DNS and PTR for SMTP: shared IPs and subdomains

domain-name-systemptr-recordsmtp

This question is similar to others about PTR and DNS for SMTP, but one specific aspect was unanswered: what if one machine does SMTP and HTTP on the same IP address. For example:

SMTP at mail.example.com, also HELO. (1.2.3.4)
HTTP at www.example.com (1.2.3.4)
general access like ssh at example.com (1.2.3.4)

What are the requirements for the PTR record on the address 1.2.3.4 to be accepted by spam filters? The 'main' hostname for 1.2.3.4 is example.com, but if reverse DNS lookups require an exact match, I have to set it to mail.example.com. That's stupid. I mean, reverse lookups of 66.102.13.106 don't result in mail.google.com.

Or, is it enough if a reverse lookup finds example.com and mail.example.com as MX record on it? In other words, should I set the PTR to example.com?

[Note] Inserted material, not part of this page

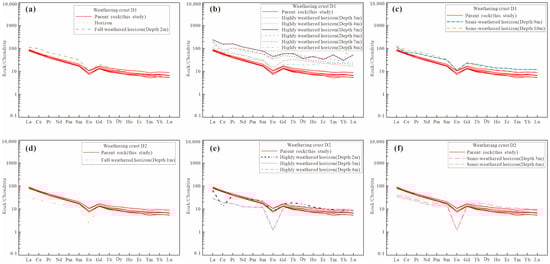 Previous studies have shown that strong fractional crystallization favors the crystallization of REE-bearing minerals such as zircon, sphene, apatite, monazite, and xenotime, which are easily decomposed and adsorbed during later weathering processes, thus providing a material basis for the enrichment of rare-earth elements [72,73,74]. Studies have further pointed out that the fractionation and leaching of rare-earth elements in the parent rock must have a high degree of magma evolution [75,76,77]. The granite in this study underwent fractional crystallization (Figure 7, Figure 8 and Figure 14). Therefore, strong fractional crystallization of parent rocks may be favorable for the formation of regolith-hosted REE deposits.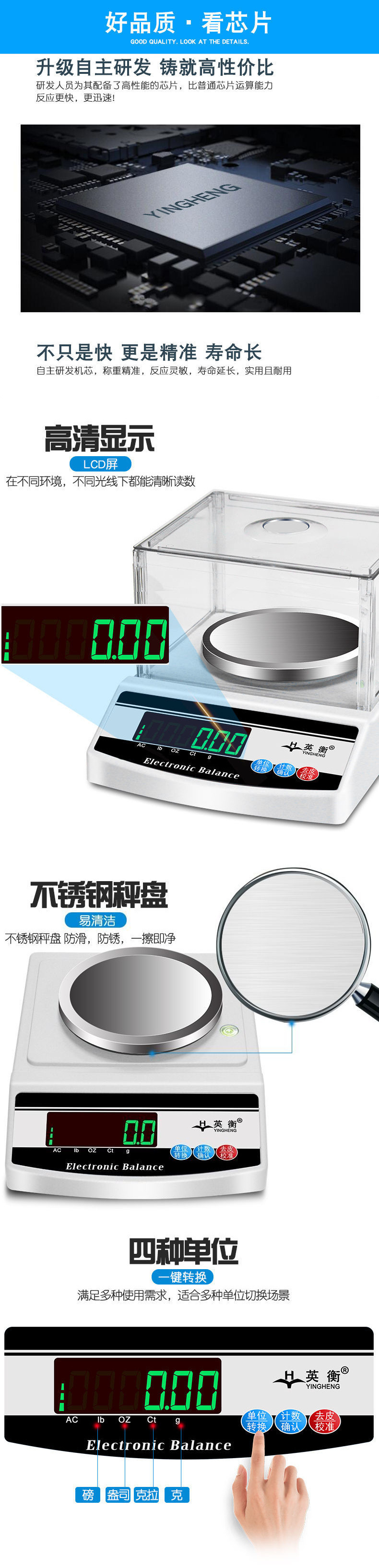 Yingheng 전자 저울 0.001g 보석 저울 0.01g 정확한 그램 약물 저울 0.1 골드 저울 실험실 저울스토어 가기

One could argue that I should make SMTP access and the HELO example.com, but that causes inflexibility, because then I can never move SMTP to another machine by simply changing the A record.

Edit: it seems unclear what I mean, so let me clarify:

The server in question hosts DNS, SMTP, WWW and a lot more. It does all of it's own DNS. Example.com points to that machine, say 1.2.3.4. Because mail is not its main thing, I don't want 1.2.3.4 to reverse resolve to mail.example.com

The server runs postfix and its HELO is mail.example.com, which also points to 1.2.3.4. For the PTR to match, 1.2.3.4 should reverse resolve to mail.example.com, but as I said, I want it to resolve to example.com, because mail is not the server's main task.

Does that mean I have to change the mailname to example.com, and having it at mail.example.com will cause some spam filters to reject it, even though mail is an mx record of example.com?

Best Answer

  • You can have as many A RRs as you want point to 1.2.3.4.
  • You must have one PTR point back to a name.
  • Therefore all you need is to make sure that the PTR points to the name you want and that this name points back to 1.2.3.4.

This means that you can have:

example.com. IN A 1.2.3.4

example.com. IN MX 10 mail.example.com.

server.example.com. IN A 1.2.3.4

www.example.com. IN A 1.2.3.4

mail.example.com. IN A 1.2.3.4

and:

4.3.2.1.in-addr.arpa. IN PTR server.example.com.

Why is this the requirement? Because when your SMTP server connects to a remote SMTP server to deliver mail the SMTP server knows only the address of your server and not the name. With the address at hand (1.2.3.4) it queries the DNS and gets the PTR response (server.example.com). The remote server now will ask the DNS again "what is the address of server.example.com" and it expects that answer to be 1.2.3.4.

What you send in the HELO string should not frighten you. You can read about the purpose of the SMTP HELO and find about the exceptions where it is allowed to block based on what is given in the HELO string.